Émile Gaboriau - L'Affaire Lerouge (1866)
Many games of chess are decided by the accumulation of small
advantages. Politics is played the same way. A knighthood here, a peerage
there, a favourable headline, a covert briefing, a policy filched from the
other side, a judicious lie, a stab in the back, an innuendo, a speech to the
converted are politics played like chess.
To play the game well, politicians must respond to events
and opportunities, they must spot small advantages whenever they
crop up. They cannot afford to be doctrinaire or inflexible unless that happens to be an advantage too, when a principle is worth dusting off and waving around.
David Cameron and the Tories know this. Tony Blair knew it
very well indeed as did his groupies but Team Blair has been disbanded. Even
though they are not particularly good at it, the general election suggests the
Tories were better players than Labour. The Lib Dems tried to play with a broken king.
On whose behalf the Tories play the game is another issue,
but they play it. As with chess, the political game is about winning. It is
about picking up those small advantages, weighing one against another, bad
publicity against good, a move into opposition territory against the risk of
upsetting stakeholders. It is about being adaptable.
The nature of the game cannot be decided beforehand, strategy
cannot be written in tablets of stone, opposition moves cannot be
ignored merely because the agreed plan doesn’t cater for them. The political game is a
game of skill, strategy and opportunist tactics. It has features of a game because it is a
game. Principles, however moral, are no guide to winning.
In which case, Jeremy Corbyn’s supporters may have a steep
learning curve to climb. They have to learn the game and poor old Jeremy has to
play it.
At this early stage when the 2020 clock has barely begun
ticking, any number of unforeseen events could swing things his way. The mood
of the electorate could be behind him for some fairly obvious reasons - greedy
bankers for one. That’s hoping for the best though. It is not how professional adjust the odds in their favour and the game is all about winning against professional players.
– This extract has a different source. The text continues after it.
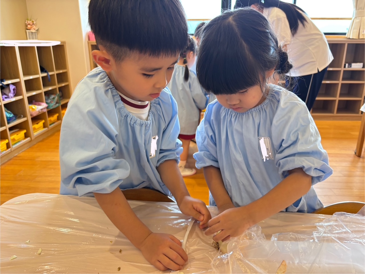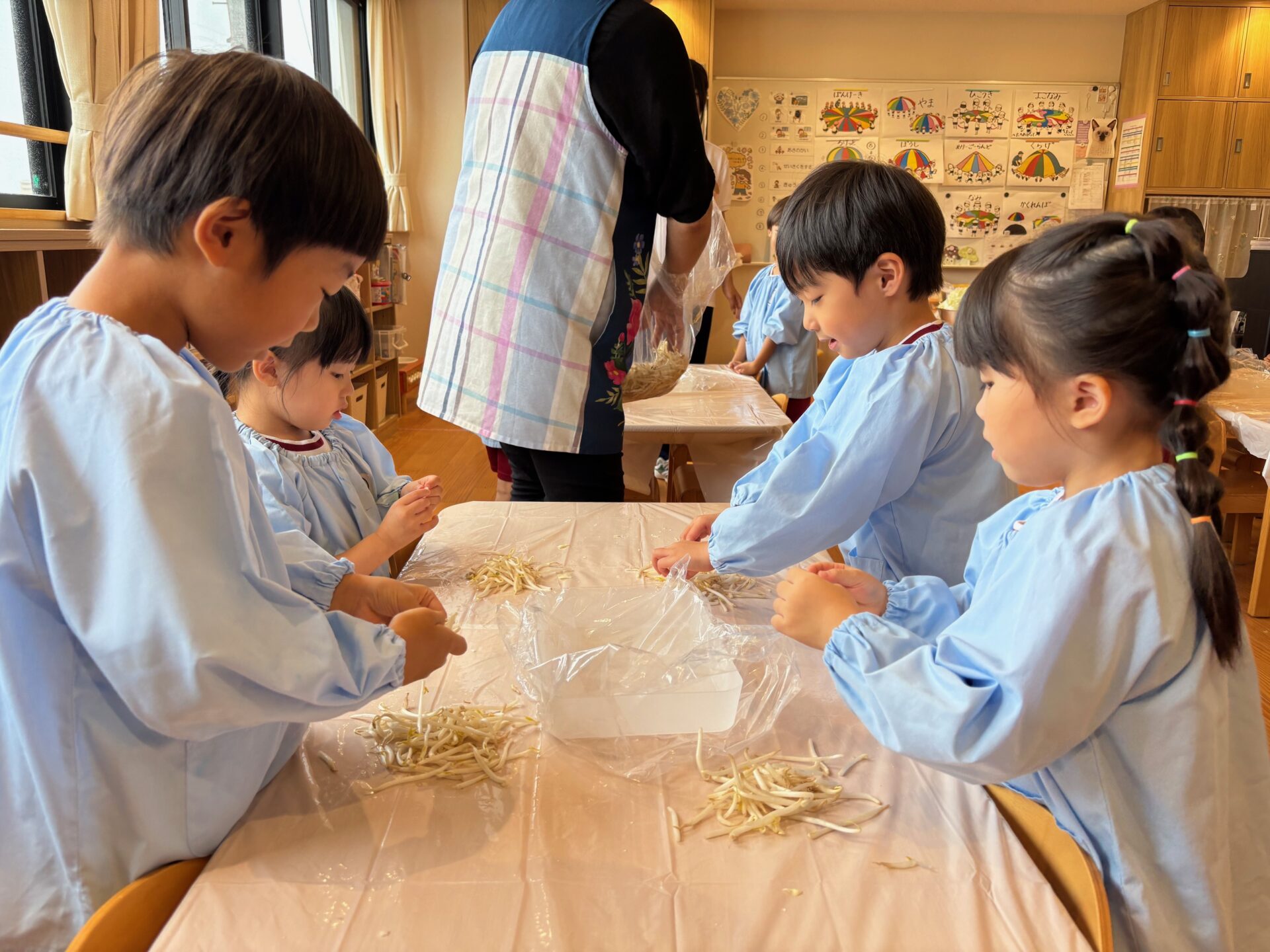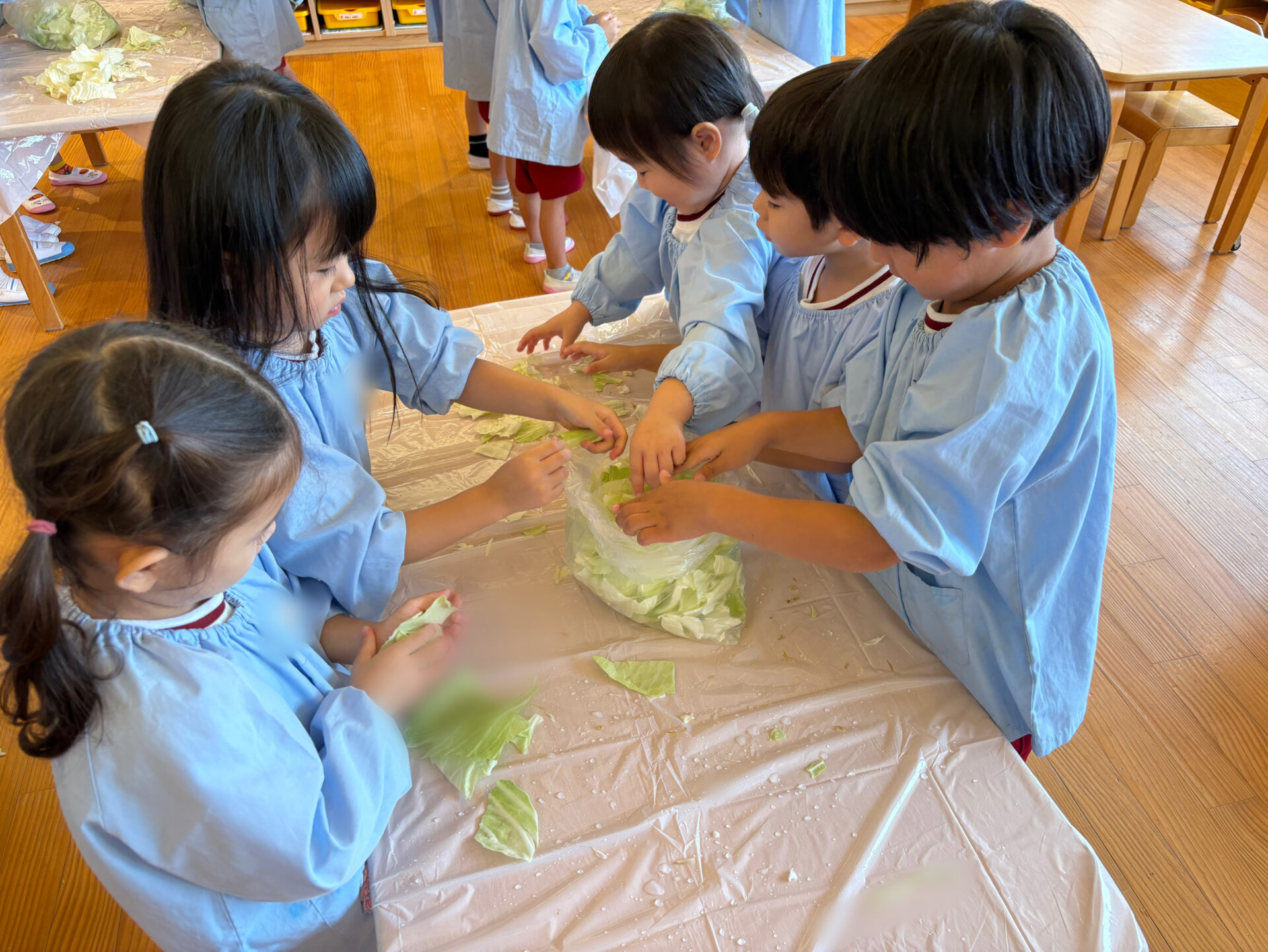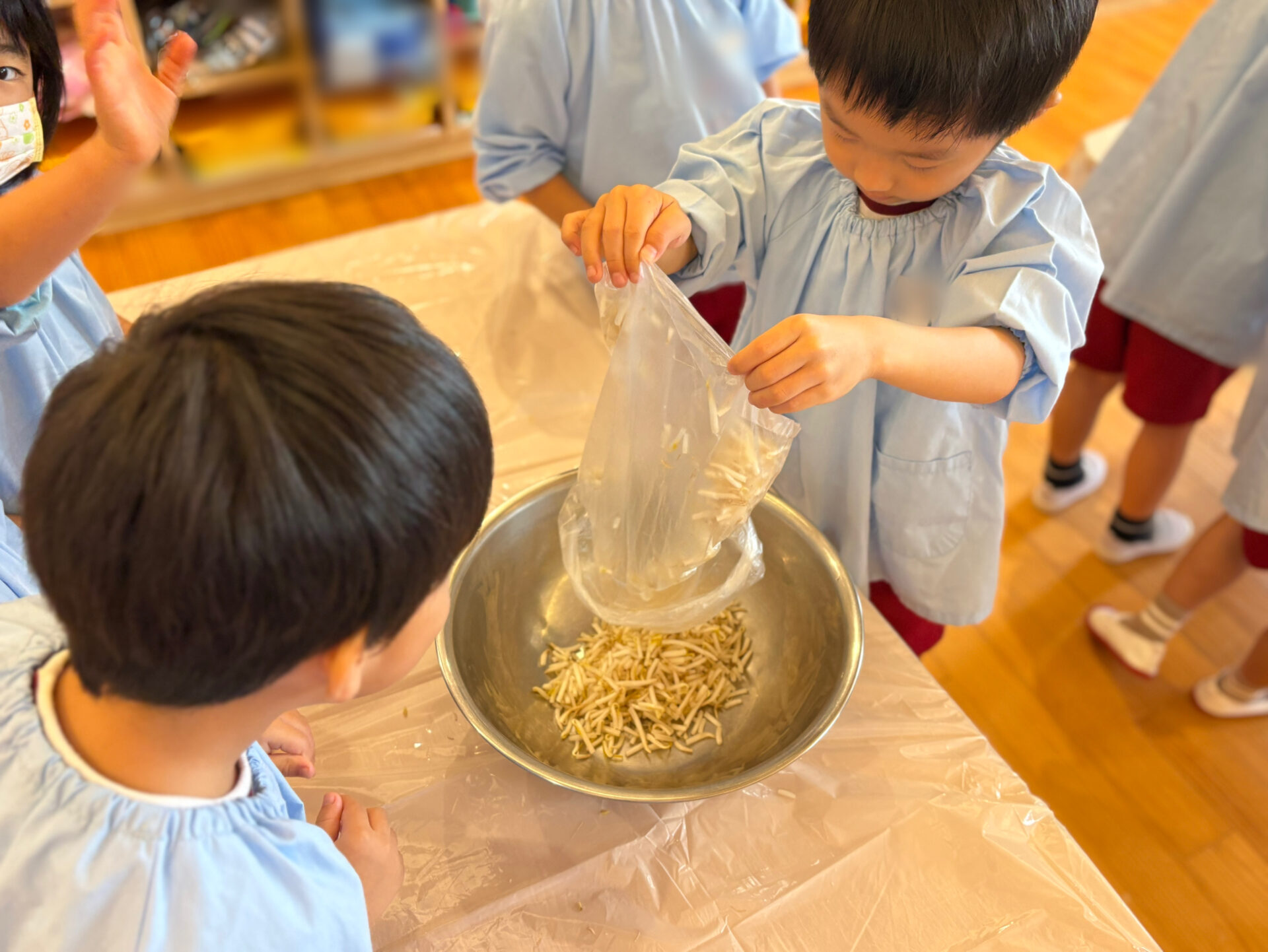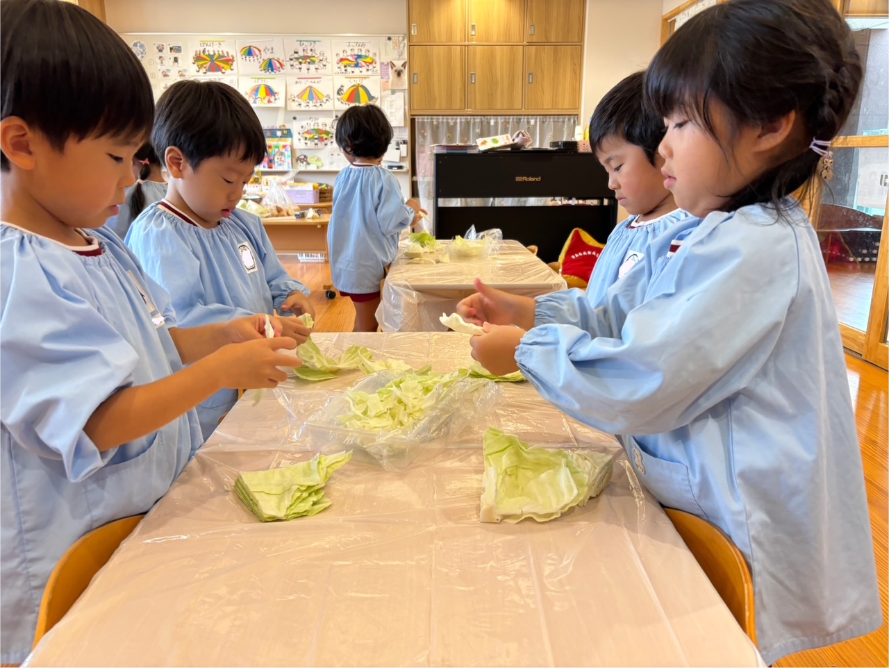 指先を上手に使いポキッと折ったり、ビリビリとちぎったりしながら、「おいしくなぁ〜れ!」と野菜に声をかける姿がとても微笑ましかったです。初めは、「むずかしいかな?」と戸惑う子もいましたが、やってみると夢中になり、「もっとやりたい!」と友達と協力しながら取り組みました✨

Cameron and his Tories may not be stars, but I don’t
think Corbyn even has a taste for the game. We’ll see.
12 comments:
Sad to say, I think you're right.
There is always the unexpected, the unwanted, the unintended, the unknown and the unknowing. Jeremy often seems to be a child amongst men. He is going to have to grow up very quickly, despite his age.
If Corbyn sticks inflexibly to his principles, he will be unelectable. But if he plays the game and makes the necessary compromises, the opposition (both the Tories and the even more dangerous opposition within his own party) will show that his lack of principles makes him unelectable.
More importantly, what happens to a party of compromisers like the modern Tories when they are handed a one-party state and no longer have to compromise? Will they let rip with the hitherto-hidden ideology, or will it be a benign government of democratic managerialism?
"At this early stage when the 2020 clock has barely begun ticking, any number of unforeseen events could swing things his way. The mood of the electorate could be behind him for some fairly obvious reasons - greedy bankers for one. That’s hoping for the best though. It is not how professional adjust the odds in their favour and the game is all about winning against professional players.
Cameron and his Tories may not be stars, but I don’t think Corbyn even has a taste for the game. We’ll see."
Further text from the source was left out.